After a cesarean section, most activities have a specific recovery window, and the timelines vary depending on what you’re waiting to do. The short answer: plan on 6 weeks as the general benchmark for returning to normal life, but some things come sooner and others take longer. Here’s a breakdown of every major milestone.
Hospital Stay and the First Few Days
A typical hospital stay after a C-section is 2 to 3 days. During that time, you’ll transition off anesthesia, have your catheter removed, and be encouraged to drink fluids and start walking. Getting up and moving early is important for preventing blood clots, even though it won’t feel great at first.
Vaginal bleeding is normal after a cesarean, just as it is after a vaginal birth. The first few days tend to be the heaviest, with blood clots that can be as large as a golf ball. Your care team will monitor your incision for signs of infection before you’re discharged.
Lifting Restrictions
For the first two weeks, don’t lift anything heavier than 10 to 15 pounds. That’s roughly the weight of your newborn in their car seat. This protects the layers of tissue healing beneath your incision. Most providers extend some degree of caution around heavy lifting through the 6-week mark, gradually allowing you to increase the load as your body heals.
Walking and Exercise
Walking is one of the earliest forms of exercise you can safely resume, but it follows a gradual progression. During weeks 3 and 4, short walks of less than 15 minutes are a reasonable starting point. By weeks 5 and 6, you can extend those walks to around 30 minutes as long as you’re not experiencing pain or pressure during or afterward.
Core work begins gently in weeks 3 and 4 as well, focusing on coordinating your pelvic floor and deep abdominal muscles with proper breathing. This isn’t crunches or planks. It’s foundational activation work, like holding gentle contractions in a lying-down position. By weeks 5 and 6, you can add exercises like clamshells, standing hip movements, sit-to-stands, and calf raises.

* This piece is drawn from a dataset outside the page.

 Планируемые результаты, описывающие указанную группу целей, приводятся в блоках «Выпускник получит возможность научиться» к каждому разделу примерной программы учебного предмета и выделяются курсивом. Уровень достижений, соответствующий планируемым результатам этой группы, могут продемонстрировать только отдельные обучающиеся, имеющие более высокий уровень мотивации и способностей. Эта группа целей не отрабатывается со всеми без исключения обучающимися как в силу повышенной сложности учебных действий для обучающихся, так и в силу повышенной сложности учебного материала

Higher-impact exercise, including jogging, is generally appropriate around the 8- to 10-week mark. Even then, it’s smart to start with short bouts of less than 60 seconds to gauge how your body responds before building up.
Bathing and Swimming
Showers are fine right away, but you should avoid submerging your incision in a bathtub, hot tub, or pool until about 3 weeks after surgery. Soaking an open or still-healing incision in standing water raises the risk of infection. Your provider may clear you sooner or later depending on how your wound looks at a follow-up visit.
Sex After a C-Section
There’s no strict required waiting period, but most providers recommend waiting until after your postpartum checkup, which typically happens around 6 weeks. The risk of complications is highest in the first two weeks after delivery, and waiting beyond that gives your body more time to heal internally. The uterus has a wound at the placental site regardless of how you delivered, and that needs time to close.

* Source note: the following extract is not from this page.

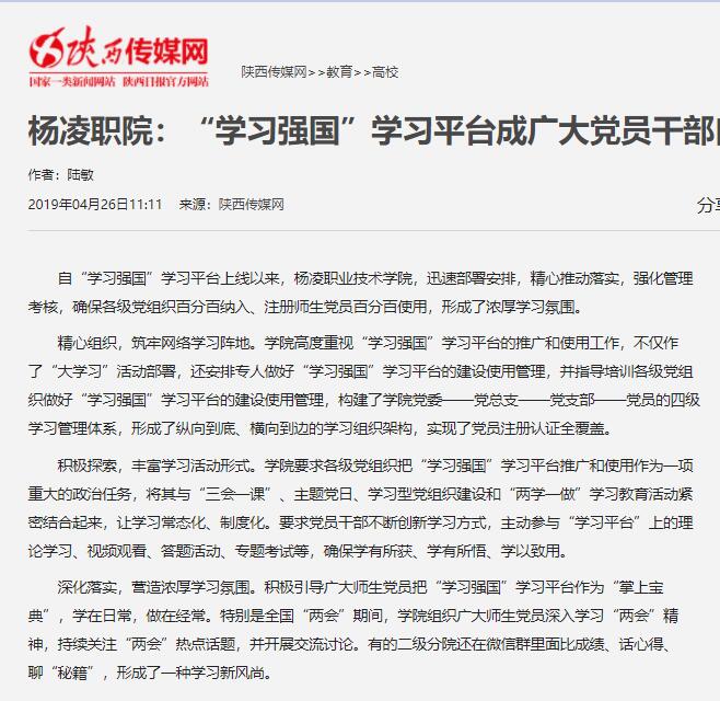 【陕西传媒网】杨凌职院:“学习强国”学习平台成广大党员干部自助“加油站”

When you do resume, go at your own pace. Hormonal changes, especially if you’re breastfeeding, can affect lubrication and comfort.
Returning to Work
How soon you can go back to work depends largely on the physical demands of your job. Six weeks is a common benchmark, and many people find that even desk work feels uncomfortable before that point. If your job involves standing for long periods, lifting, or physical labor, you may need longer. The NHS recommends only resuming activities when you can do them without discomfort, which for many people isn’t until 6 weeks or beyond.
Driving
Most providers suggest waiting until you can comfortably wear a seatbelt across your incision, brake suddenly without hesitation, and turn to check your blind spots. For many people this falls somewhere between 2 and 4 weeks, though it varies. If you’re still taking prescription pain medication that causes drowsiness, you shouldn’t drive regardless of how your incision feels.
Getting Pregnant Again
The American College of Obstetricians and Gynecologists recommends waiting at least 6 months after a cesarean before getting pregnant again. The concern is uterine rupture: if the scar on your uterus hasn’t healed enough and you go into labor with a subsequent pregnancy, the uterine wall can tear open. This is a medical emergency that puts both you and the baby at serious risk. Many providers prefer an interval of 12 to 18 months between delivery and the next conception to allow for the strongest possible healing.

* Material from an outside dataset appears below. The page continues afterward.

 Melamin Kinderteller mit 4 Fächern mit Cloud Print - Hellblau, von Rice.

Signs That Something Isn’t Right
Recovery from a C-section is predictable for most people, but certain symptoms warrant a call to your provider. Watch for a fever over 100.4°F, increasing redness or swelling around the incision, foul-smelling drainage from the wound, heavy bleeding that soaks through a pad in an hour, or pain that gets worse instead of better after the first week. Calf pain or swelling in one leg can signal a blood clot and needs immediate attention.